Shibdas Rai, the chai shop owner and local CPM worker, butts in. “We have done a lot. We have built colleges, schools,” he says, but before he can complete the sentence, Mitra says: “What’s the point of schools, when the teaching is so bad? Half the time, the teachers have to go off to join CPM michchils. Even a higher secondary pass cannot read and write properly in the villages.”
Rai soldiers on. In the face of a chorus of voices backing Mitra, Rai admits that “lack of irrigation and absence of industry” have kept the region poor but lists other achievements of the government --- building ‘pucca” houses for the poor under the Indira Awas Yojana, providing work under the “100 day scheme”, mid-day meals in schools. He is entirely oblivious of the fact that they are all central government schemes.

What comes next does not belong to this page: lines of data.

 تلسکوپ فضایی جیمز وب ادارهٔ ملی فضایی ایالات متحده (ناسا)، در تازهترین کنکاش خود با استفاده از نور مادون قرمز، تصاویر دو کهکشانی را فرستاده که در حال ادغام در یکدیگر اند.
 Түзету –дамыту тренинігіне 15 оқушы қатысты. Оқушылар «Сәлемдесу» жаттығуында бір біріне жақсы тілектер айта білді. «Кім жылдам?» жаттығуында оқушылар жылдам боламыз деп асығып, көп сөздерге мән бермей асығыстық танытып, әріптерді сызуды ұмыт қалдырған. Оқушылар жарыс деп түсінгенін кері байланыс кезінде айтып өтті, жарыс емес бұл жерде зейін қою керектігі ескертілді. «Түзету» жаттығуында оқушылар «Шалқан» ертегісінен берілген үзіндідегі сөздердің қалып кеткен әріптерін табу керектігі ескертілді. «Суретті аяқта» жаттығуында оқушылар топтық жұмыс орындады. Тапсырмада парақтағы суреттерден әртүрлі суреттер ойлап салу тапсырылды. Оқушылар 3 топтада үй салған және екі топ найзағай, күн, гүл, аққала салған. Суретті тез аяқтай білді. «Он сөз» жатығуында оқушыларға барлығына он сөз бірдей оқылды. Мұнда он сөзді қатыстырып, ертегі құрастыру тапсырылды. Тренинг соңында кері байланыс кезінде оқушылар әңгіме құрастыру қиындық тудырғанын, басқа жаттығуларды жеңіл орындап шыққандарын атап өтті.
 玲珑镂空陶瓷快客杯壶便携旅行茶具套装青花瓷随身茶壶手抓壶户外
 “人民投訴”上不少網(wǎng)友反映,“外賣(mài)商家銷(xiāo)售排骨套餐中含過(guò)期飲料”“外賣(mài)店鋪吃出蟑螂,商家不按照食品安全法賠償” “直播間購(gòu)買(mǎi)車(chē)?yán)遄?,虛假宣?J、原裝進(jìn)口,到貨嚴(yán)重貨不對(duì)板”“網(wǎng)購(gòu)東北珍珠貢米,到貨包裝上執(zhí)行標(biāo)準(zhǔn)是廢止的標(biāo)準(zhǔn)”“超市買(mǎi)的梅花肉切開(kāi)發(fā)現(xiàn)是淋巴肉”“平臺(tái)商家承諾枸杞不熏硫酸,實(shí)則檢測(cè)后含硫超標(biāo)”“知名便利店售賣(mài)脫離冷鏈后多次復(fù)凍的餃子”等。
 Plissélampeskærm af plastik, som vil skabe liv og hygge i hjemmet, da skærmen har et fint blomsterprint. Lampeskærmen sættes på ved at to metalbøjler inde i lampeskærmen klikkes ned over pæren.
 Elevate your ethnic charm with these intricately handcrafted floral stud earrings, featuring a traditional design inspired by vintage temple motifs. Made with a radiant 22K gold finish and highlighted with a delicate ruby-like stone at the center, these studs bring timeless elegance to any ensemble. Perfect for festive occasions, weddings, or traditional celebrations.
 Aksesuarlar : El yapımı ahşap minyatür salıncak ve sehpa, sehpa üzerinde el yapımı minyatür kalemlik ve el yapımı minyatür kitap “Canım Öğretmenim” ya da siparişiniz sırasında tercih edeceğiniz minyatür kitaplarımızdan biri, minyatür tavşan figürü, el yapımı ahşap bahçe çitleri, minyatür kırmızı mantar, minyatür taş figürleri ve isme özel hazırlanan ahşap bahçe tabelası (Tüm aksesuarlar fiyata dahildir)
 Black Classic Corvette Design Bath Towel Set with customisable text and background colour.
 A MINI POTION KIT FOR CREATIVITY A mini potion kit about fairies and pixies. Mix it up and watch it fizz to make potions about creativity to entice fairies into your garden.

And what is more ironic is that it is these very schemes that are fuelling a very vocal rage in many parts of Bankura today. Since poverty here is so widespread and even the best government schemes cannot reach everyone, all those left out feel doubly deprived and accuse the CPM of partisanship in choosing the beneficiaries.
As we crisscross through half a dozen Assembly constituencies --- Barjora, Bankura, Chhatna, Saltora, Sonamukhi, Bishnupur --- in the district, this is one recurring complaint, a complaint we have heard often enough in other parts of Bengal but never as forcefully as in these parts where under-development is endemic and sources of income few.
In Jambedia village of Barjora, an area where water is scarce and rampaging wild elephants routinely destroy the meagre crops that the parched land yields, Shanti Karmakar cannot contain his anger against the CPM. His main ire is that “CPM cadres corner all the benefits” --- they are the ones who get houses under the Indira Awas Yojana even if they are rich while the “real poor” are bereft of BPL benefits. Everyone around him agrees.
In Bondolhati village that falls under Sonamukhi, Sheikh Niyamat Ali says the same thing. “The government has so many schemes but it never reaches us. The only people who have gained are members of the Party.”
In Sonamukhi town, a large group of men surrounds us and there is only one man who insists that the CPM will win all 12 seats. All the others are vociferously rooting for change. “The CPM thinks nothing has changed. But take it from me, this time they will lose six and win six,” says 21-year-old Ganesh Shaha, giving a new twist to the “sixer” metaphor.
And why will the CPM win six seats if the Party’s dolotontro (cadre raj) is so widespread? “That’s because they still have complete hold in the most backward seats, dominated by Adivasis and Scheduled Castes, seats such as Kotulpur, Indus, Ranibandh and Raipur,” he tells us, admitting that the Trinamul has yet to make inroads among the most wretched of this bit of red earth.
In Deohati village which is part of Saltora constituency, Narayan Mondol agrees. “The CPM keeps winning here because the people are too poor and illiterate and lack political consciousness.
“Things are changing now and there are many people like me who have seen through the CPM’s false promises. But do you know what --- I am not sure even my wife will listen to me. I have been telling her about dui phool but she is so used to the CPM symbol, she might end up pressing it.”
He goes on to say: “Look at Kerala -- the people there are educated and that is why they keep changing their government every five years. The CPM cannot take them for granted.”
He has a point. Bankura’s backwardness stems partly from its inhospitable geography but the CPM’s repeated victories and resultant complacency have certainly added to it.
The Kerala model, then, might be the best thing for Bankura --- and indeed Bengal --- from the point of view of both development and democracy.